The first thing you notice about Singapore is how clean and orderly the streets are compared to other cities in Southeast Asia.

The second thing is how many of the people you encounter speak English and how English signage and writing is everywhere.

The third thing is how often your Singapore friends—whether locals or ex-pats—will talk about the remarkably effective the nation is.

Singapore is no accident.

When Singapore's founding father Lee Kuan Yew passed in 2015, many world leaders shared their condolences for a man who represented the nation's Washington, Lincoln, and Obama all rolled into one. Australia's prime minster Tony Abbott's quote sums up the nation's incredible transformation well:

Fifty years ago, Lee Kuan Yew led a vulnerable, fledgling nation to independence. Today, thanks to his vision and determination, Singapore is one of the world’s most successful countries.
Jon Quah, (2018) "Why Singapore works: five secrets of Singapore’s success", Public Administration and Policy

This puzzle of Singapore and really the possibility of any major success can be attributed to the Flywheel Effect: the continuous improvement that comes from a virtuous cycle or positive feedback loop.

That's the topic of today's letter: how flywheels work and how you can use one.

We can create a basic flywheel that helps explain* how a poor country ($438 USD per capita) of 1.6M people with corrupt leadership in 1959 (when it won independence from to Britain) to a wealthy country ($52,000 USD per capita) of 5.6M people, ranked as one of the least corrupt governments by 2016.

The flywheel goes like this: starting with competent, high integrity leaders (specifically Lee Kuan Yew), the country began implementing effective governance that applied best practices in policy from other nations to educate its people and improve its economy, which created a willingness to pay high government salaries competitive with the private sector , which drew the best and brightest to become high integrity leaders with less incentives for corruption.

Each aspect of the flywheel naturally influences the next—a self-reinforcing cycle that continuously enhances itself.
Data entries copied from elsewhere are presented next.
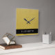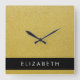 Reloj Cuadrado Purpurina de oro, fondo Purpurina, nombre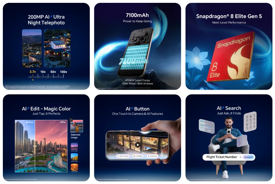 Yangi Magic 8 Pro BAA bozorida Snapdragon 8 Elite Gen 5 protsessori bilan taqdim etilgan ilk smartfon bo‘ldi. HONOR’ning ta’kidlashicha, chip avvalgi avlodlarga nisbatan samaradorlik va issiqlik boshqaruvida sezilarli yaxshilanishni ta’minlaydi. Smartfon 7100 mA·soat sig‘imli kremniy–uglerod batareyaga ega. U 100 Vt simli SuperCharge va 80 Vt simsiz quvvatlashni qo‘llab-quvvatlaydi.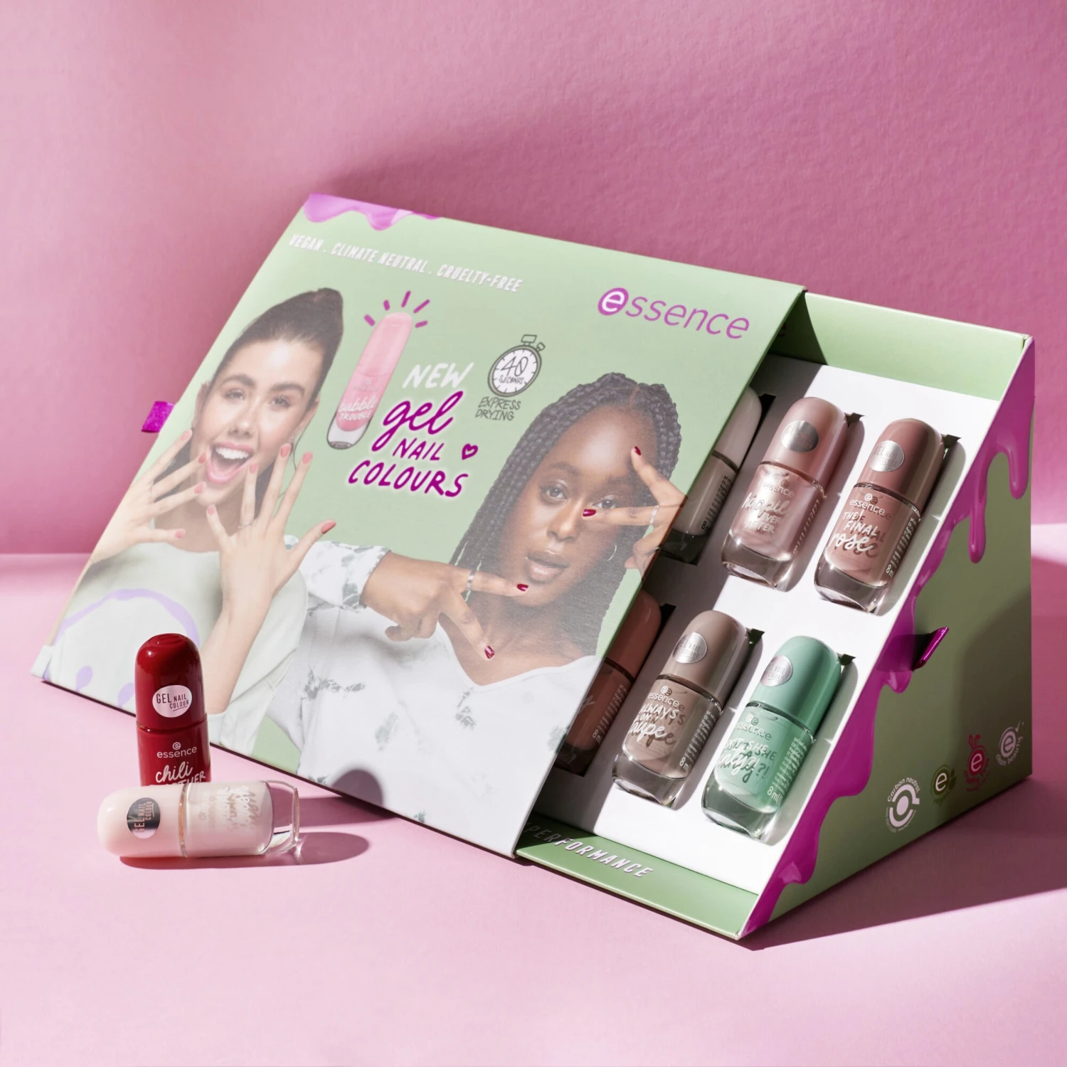 Clean Beauty mit WOW Performance! Mit den gel nail colour Nagellacken gibt es keine Kompromisse: die vegane, clean beauty Formulierung hat eine kurze Liste an Inhaltsstoffen und ist ohne Mikroplastikpartikel. Der Lack lässt sich dank patentiertem, breitem „double-touch“ Pinsel leicht auftragen und trocknet schnell. So ist die erste Schicht der klimaneutralen* Nagellacke in nur 40 Sekunden ready to shine. Good to know: Bei mehreren Schichten verlängert sich entsprechend die Trocknungszeit – diese lässt sich natürlich durch ein Dry Spray oder Drying Drops verkürzen. Tipp: Für den perfekten Salon-Look empfiehlt es sich, zwei Schichten über den Base Coat aufzutragen und mit Top Coat zu versiegeln. *Klimaneutral dank CO2-Kompensation über das Jangi Windparkprojekt in Indien. Dezent, knallig, hell oder dunkel – die farbigen Lacke lassen keine Wünsche offen. Dabei gilt: Je mehr Schichten aufgetragen werden, desto intensiver das Farbergebnis.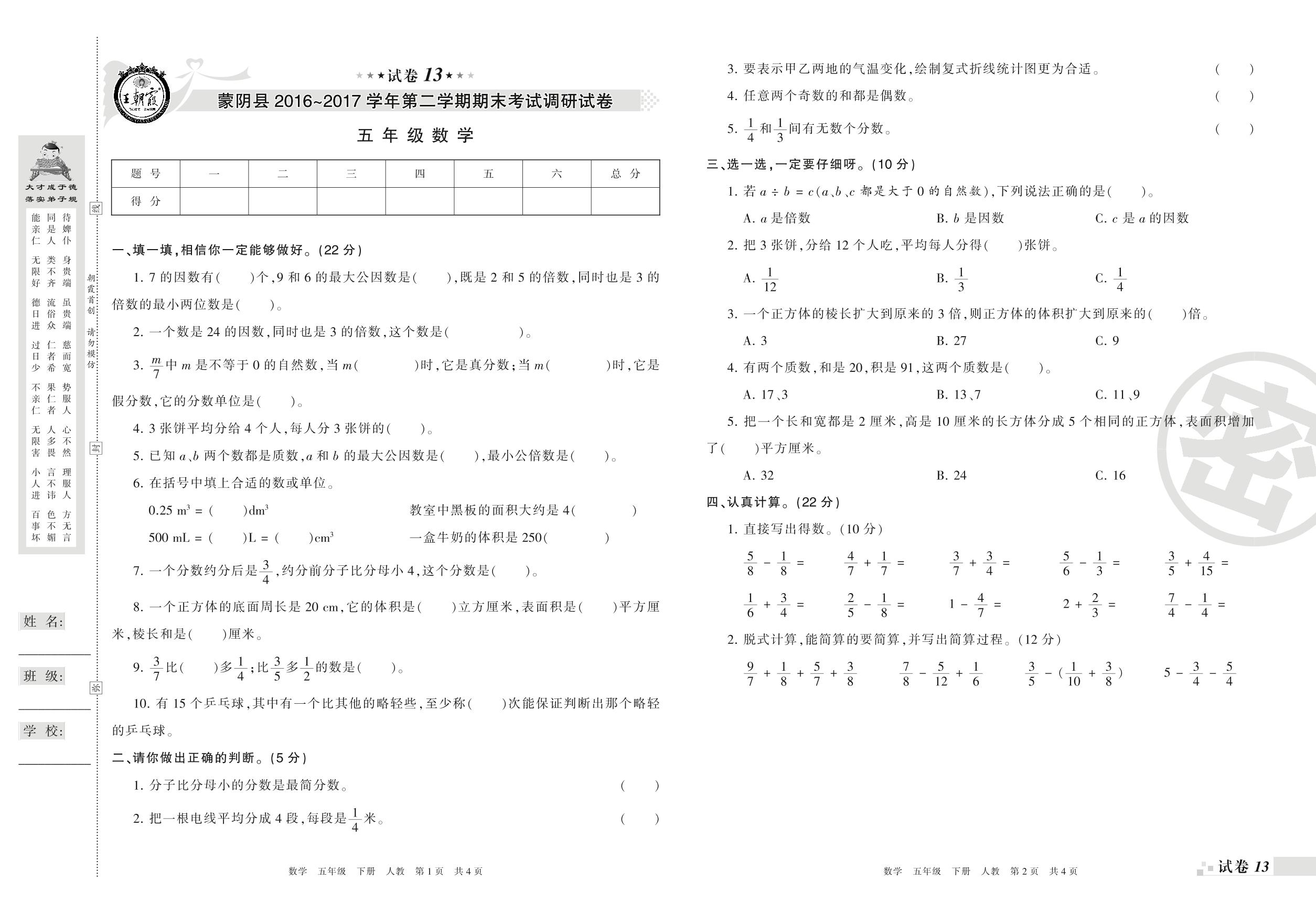 2016-2017学年第二学期临沂市蒙阴县五年级数学试卷(人教版)【13】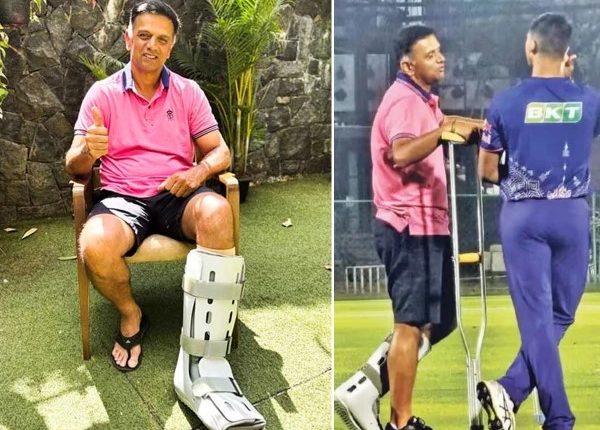 بھارتی کرکٹ ٹیم کے سابق ہیڈکوچ راہول ڈریوڈ انجری کا شکار ہوکر بیساکھیوں پر آگئے۔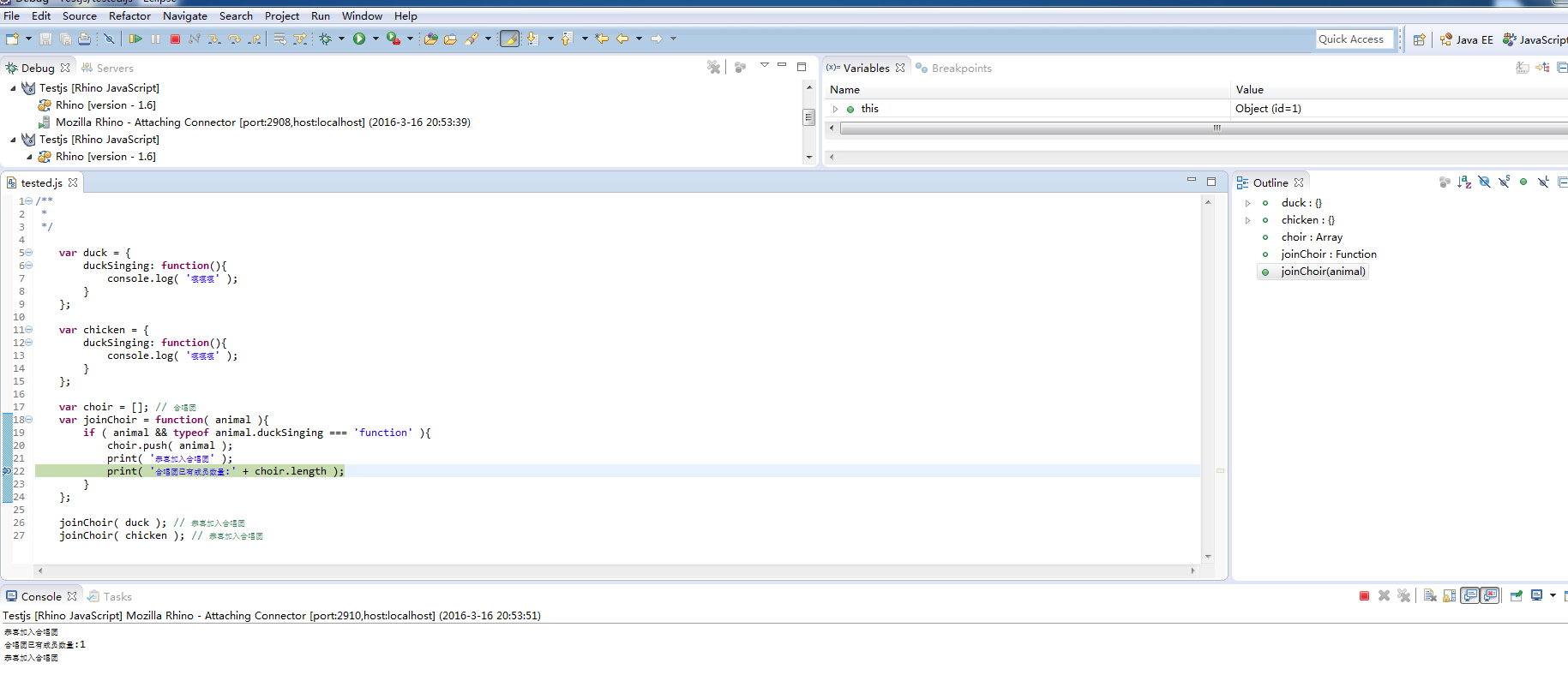 筆者第三個推薦的工具是eclipse javascript debugging 插件,借助Rhino對javascript的完整實現,我們完全可以滿工業化的調試我們的javascript代碼,打斷點,打不執行,代碼跳轉,這就是工作效率。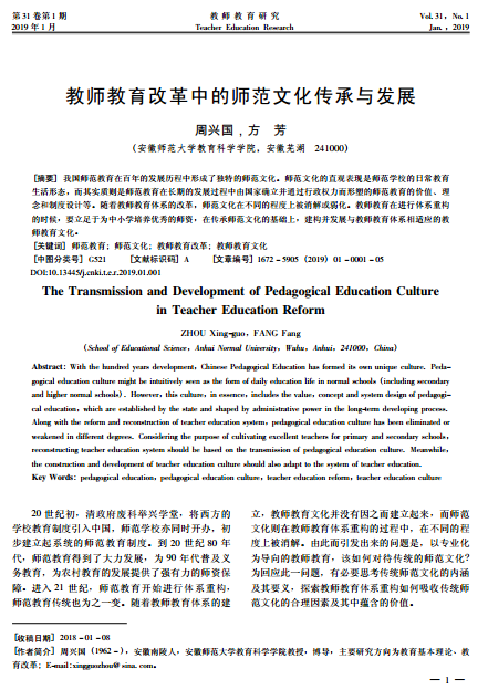 周兴国,方芳:教师教育改革中的师范文化传承与发展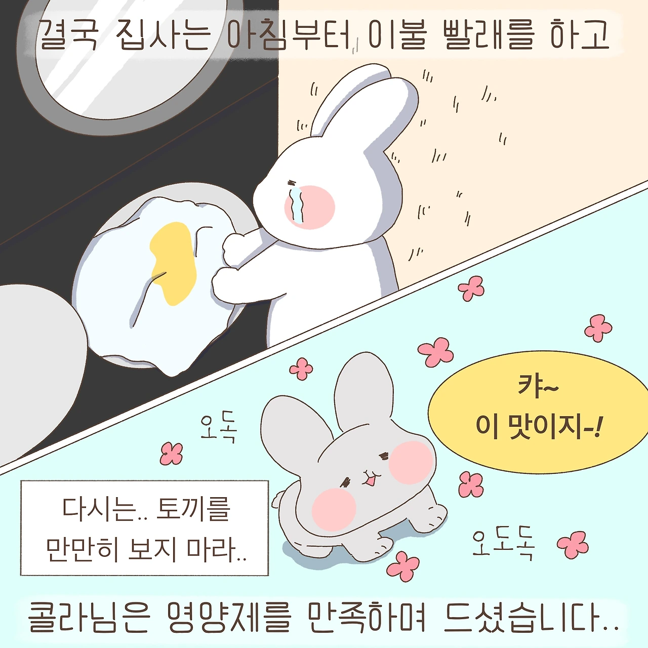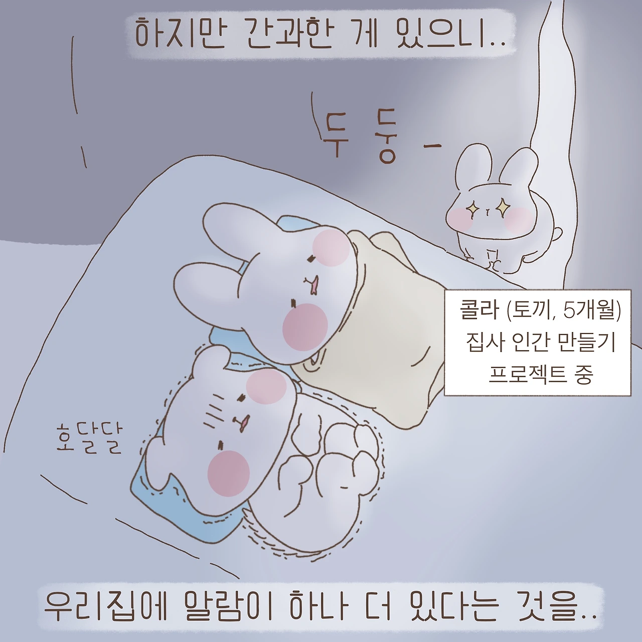제가 너무 익숙해지다 보니 콜라가 물고 뜯어도 세상모르고 자니까 콜라는 최후의 수단으로 소변을... 바로 기상하는 마법..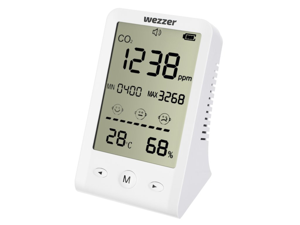 Tento přístroj má zabudovaný detektor hladiny koncentrace CO2, který rychle detekuje tyto negativní změny. Nejenže na obrazovce zobrazuje aktuální údaje, ale také vás upozorní na kritické hodnoty. Pokud jste zcela zaneprázdněni pracovním projektem nebo zaujati svým oblíbeným koníčkem a nesledujete naměřené hodnoty, přístroj vám připomene, kdy je čas místnost vyvětrat. Zaznamenává také minimální a maximální hodnoty a na stupnici graficky zobrazuje, jak dobré je mikroklima v místnosti.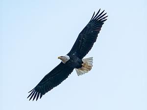 An adult bald eagle shows off their impressive wingspan. Taken at Watkins Lake State Park & County Preserve in Manchester, MI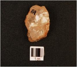 | Description / विवरण | A quartz core with parallel flake scars on the surface, preapred platform. |
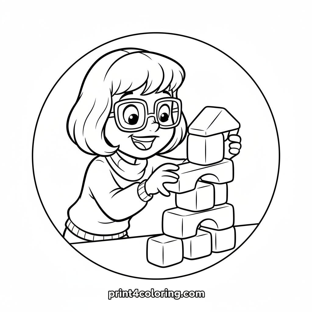 Join Velma as she takes on a fun stacking challenge! With her iconic glasses slightly askew, she's playfully concentrating on building a tall, colorful tower of oversized blocks. Use your brightest colors to help her keep it steady and vibrant. A cozy scene for creative little hands!
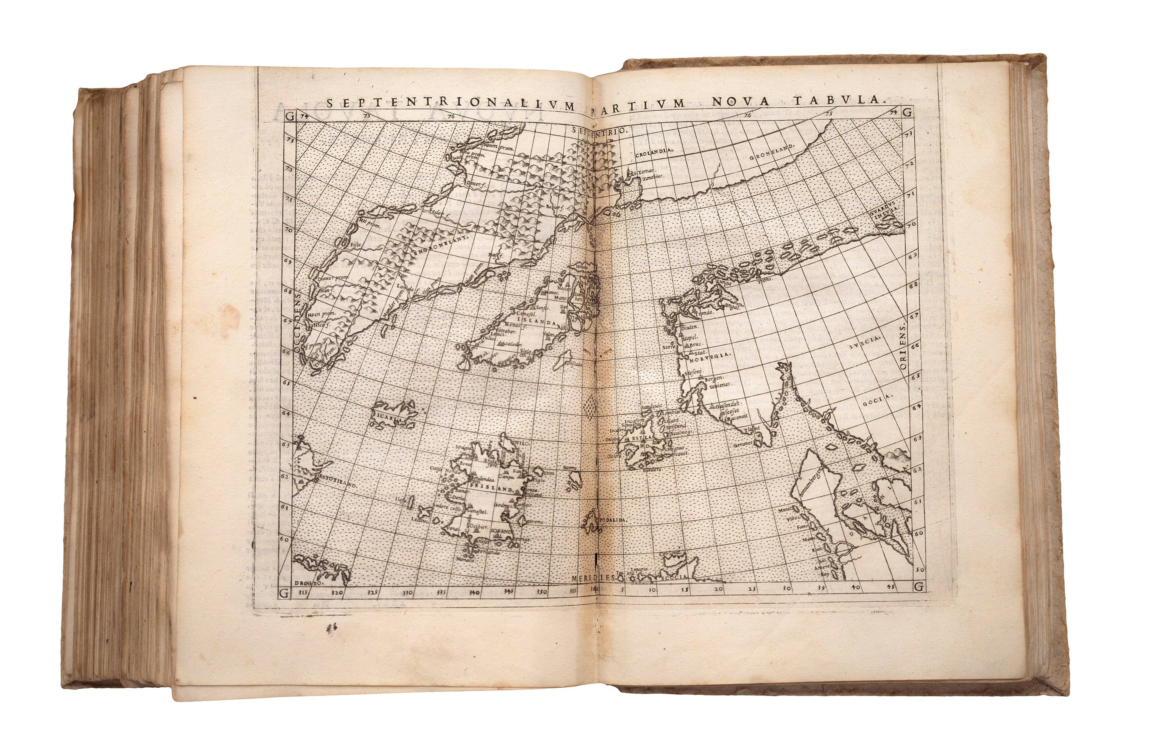 Ruscelli’s map of the British Isles is likely based on the 1546 chart by George Lily. Due to the reduction in size, the mapmaker removed many of the chart’s details such as place names. 'La Geografia' also contains the sea charts of Scandinavia and the North Atlantic based on the voyages of the Zeno brothers, Nicolò and Antonio, who had travelled to Greenland and supposedly to the mythical island of Friesland in 1380.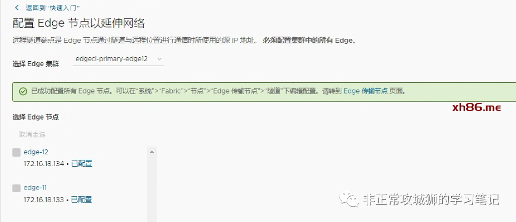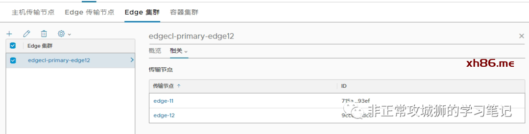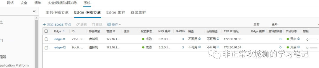 可以看到:在完成了上述配置后,Edge传输节点的状态已经变为“成功”“开启”。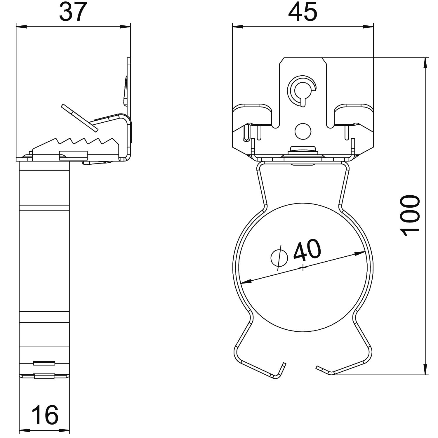 Breaking load 0,45 kN Colour zinc Connection type/component Pipe/cable Dimension 3-7mm Dimension L 100 mm Fastening type Clamp Flange thickness F max. 7 mm Flange thickness F min. 3 mm Height 37 mm Hinge, adjustable no Hinged no Length 103 mm Material Steel Pipe/cable diameter, max. 40 mm Pipe/cable diameter, min. 36 mm Surface Zinc slat Width 45 mm - All types

While it's starting point: high integrity leaders, is not easy to reach, the flywheel naturally builds upon itself.

Let's look at another example of an institution that's experience massive transformation over many decades: Amazon.

They are a classic low-cost provider that started with books not because Bezos had a personal passion for them, but because it's expensive to run a retail book store with massive inventory, but a warehouse with hundreds of thousands of books that can be easily packed and shipped out same day is very cost-effective.

Their flywheel looks like this: low prices and wide selection draws in shoppers who visit the site and are more likely to make purchases which gets more sellers interested in listing their inventory on Amazon, which enables big investments in fixed cost infrastructure that can be spread out across a larger base which enables lower prices and wider selection.

Finally for an example closer to home, this is my personal flywheel.

At the end of of 2022, I envisioned a personal flywheel that I shared with my Sidebar group—a mastermind or "personal board of directors" that meets every other week—which expressed a goal of mine: to leave Meta and go full-time with with my executive coaching practice.

In this simplified version of that flywheel, I started with creating space to rest, play, and explore, (starting with this sabbatical) which would allow my creative mind to generate remarkable content which would attract ideal coaching clients, founders and leaders aligned with my approach who were more likely to succeed and serve as testimonials and referrals, leading to non-commodity pricing and higher margins due to lower costs of marketing, which would mean I could do less "work" to pay my bills and make more time for rest, play, and exploration.

Some tips on how to create your own personal flywheel:

  1. You have to start with something that is a unique advantage or asset. It's probably something you already have access to, is hard to replicate, and is inherently valuable—for Singapore that was having a bold, competent, high integrity leader in Lee Kwan Yew, for Amazon it was an appreciation by Bezos for the power of e-commerce to enable low prices & wide selection, and for me, it was the willingness to invest in a sense of spaciousness and joy—qualities that when lacking, make any achievement feel meaningless or unsatisfying.
  2. Then you look for what that asset or advantage leads to which is also an asset or advantage: again this doesn't need to be what it does for everyone, but for you in particular. Eventually this cycle needs to come back to your original and most central asset.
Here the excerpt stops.